EXERCISE BRIEF - Copy exactly the lines of the data below, beginning with the line with "கடைசிப் பேருந்து காலை" and ending with the line with "Una de las oficiales". Pictures are to be omitted.

RECORD EXCERPTS -
• • • • • • •
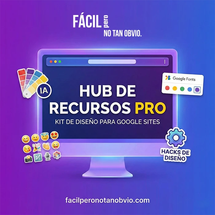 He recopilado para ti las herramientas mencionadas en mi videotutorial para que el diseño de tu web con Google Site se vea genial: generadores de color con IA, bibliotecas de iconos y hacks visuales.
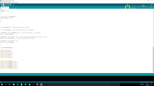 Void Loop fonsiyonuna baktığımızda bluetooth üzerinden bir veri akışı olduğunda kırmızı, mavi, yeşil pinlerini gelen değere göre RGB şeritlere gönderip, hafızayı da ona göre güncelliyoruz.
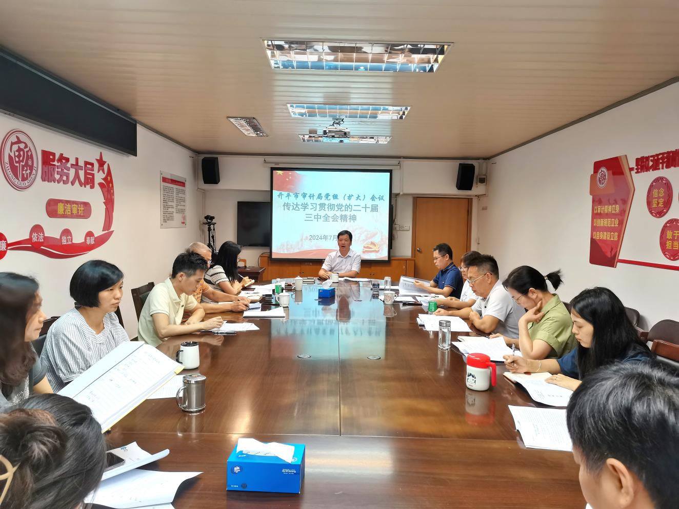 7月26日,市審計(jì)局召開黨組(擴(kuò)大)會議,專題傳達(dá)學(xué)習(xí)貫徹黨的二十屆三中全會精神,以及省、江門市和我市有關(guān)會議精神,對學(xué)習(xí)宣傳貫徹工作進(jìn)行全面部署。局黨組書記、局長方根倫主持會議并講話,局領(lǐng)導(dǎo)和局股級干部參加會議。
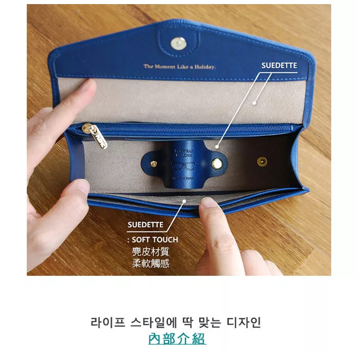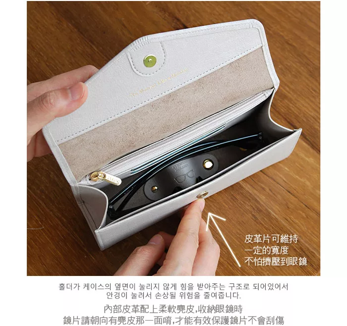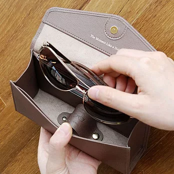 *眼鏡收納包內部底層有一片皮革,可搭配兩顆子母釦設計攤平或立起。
• • • • • • •
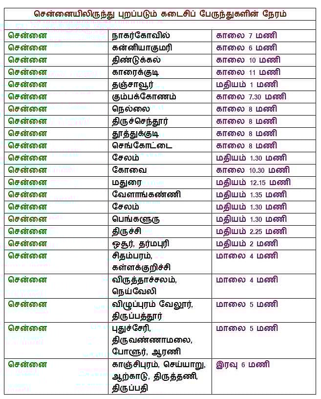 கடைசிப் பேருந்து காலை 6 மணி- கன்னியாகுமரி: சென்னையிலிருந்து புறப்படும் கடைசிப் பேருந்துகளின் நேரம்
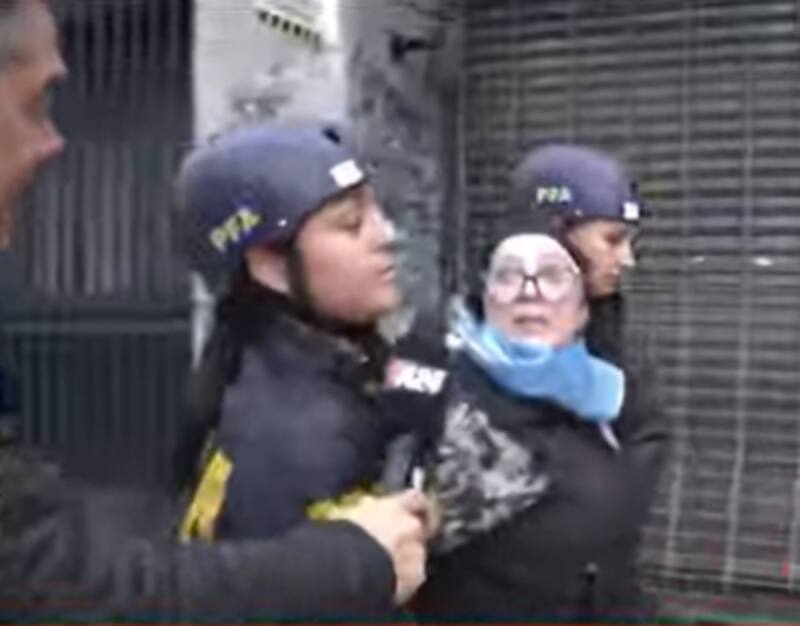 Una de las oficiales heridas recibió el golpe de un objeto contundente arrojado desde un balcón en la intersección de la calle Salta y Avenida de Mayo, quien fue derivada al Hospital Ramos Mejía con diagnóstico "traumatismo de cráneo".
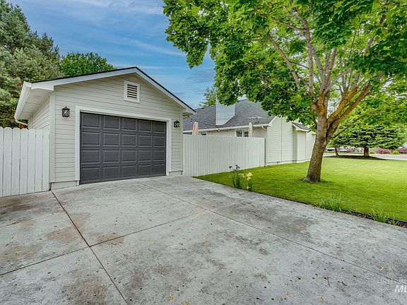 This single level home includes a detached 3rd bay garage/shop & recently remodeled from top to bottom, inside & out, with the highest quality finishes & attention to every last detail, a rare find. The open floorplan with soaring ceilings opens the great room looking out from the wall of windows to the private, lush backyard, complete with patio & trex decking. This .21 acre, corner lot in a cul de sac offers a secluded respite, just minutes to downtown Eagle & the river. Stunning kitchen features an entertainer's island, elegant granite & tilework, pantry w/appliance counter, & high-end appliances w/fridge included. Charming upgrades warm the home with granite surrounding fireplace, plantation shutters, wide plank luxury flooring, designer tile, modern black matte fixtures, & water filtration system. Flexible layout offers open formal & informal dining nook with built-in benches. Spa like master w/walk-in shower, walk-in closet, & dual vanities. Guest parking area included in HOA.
• • • • • • •
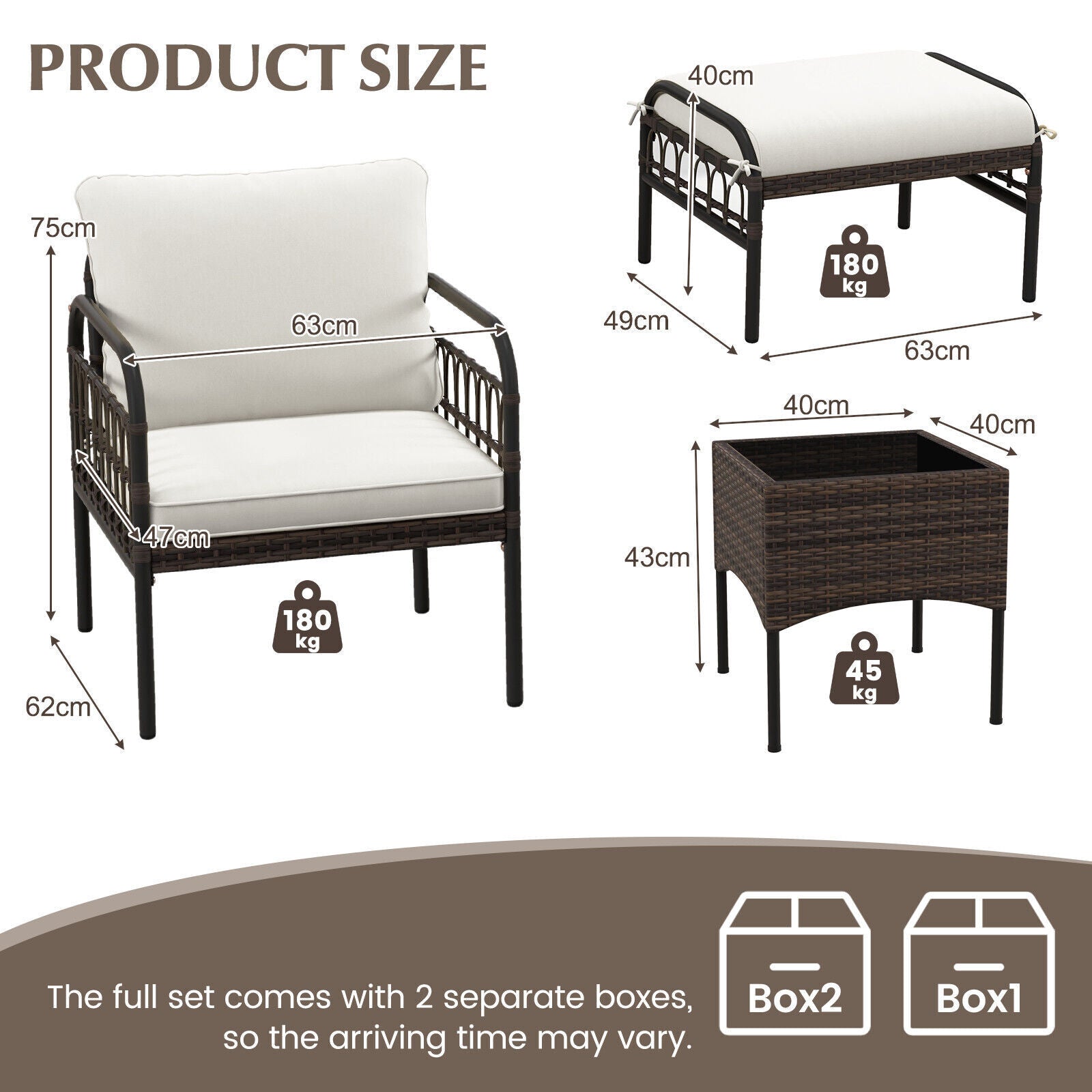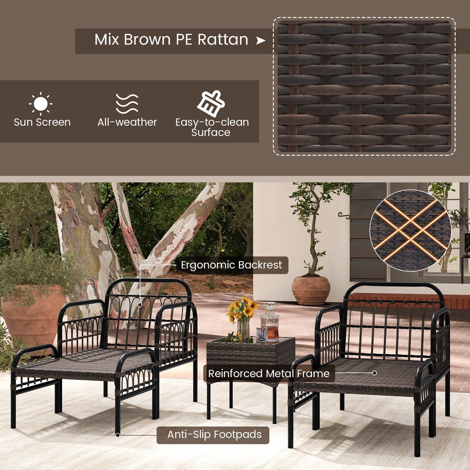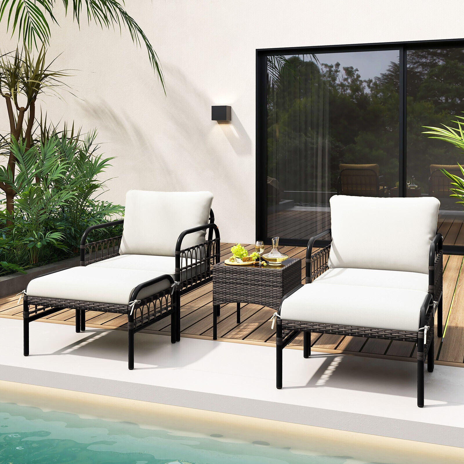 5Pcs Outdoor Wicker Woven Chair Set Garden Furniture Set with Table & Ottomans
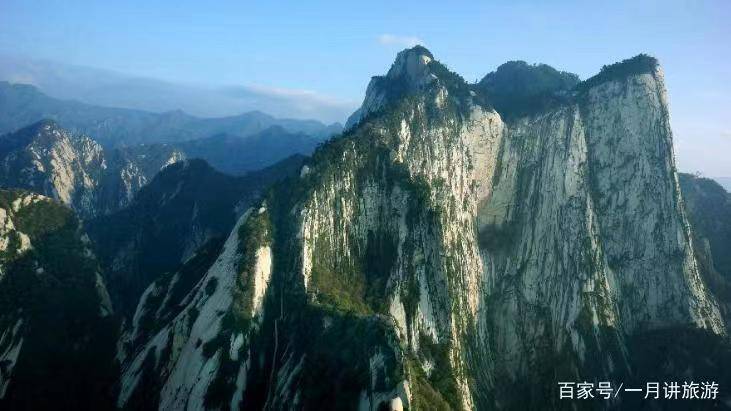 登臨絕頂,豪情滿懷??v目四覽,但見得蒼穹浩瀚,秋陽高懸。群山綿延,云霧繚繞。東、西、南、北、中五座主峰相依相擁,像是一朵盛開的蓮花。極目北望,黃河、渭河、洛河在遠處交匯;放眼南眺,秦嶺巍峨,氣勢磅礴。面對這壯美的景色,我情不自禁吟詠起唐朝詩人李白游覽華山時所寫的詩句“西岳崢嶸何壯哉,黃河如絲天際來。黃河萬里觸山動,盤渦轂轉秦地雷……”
• • • • • • •
TASK RESULT -
 கடைசிப் பேருந்து காலை 6 மணி- கன்னியாகுமரி: சென்னையிலிருந்து புறப்படும் கடைசிப் பேருந்துகளின் நேரம்
 Una de las oficiales heridas recibió el golpe de un objeto contundente arrojado desde un balcón en la intersección de la calle Salta y Avenida de Mayo, quien fue derivada al Hospital Ramos Mejía con diagnóstico "traumatismo de cráneo".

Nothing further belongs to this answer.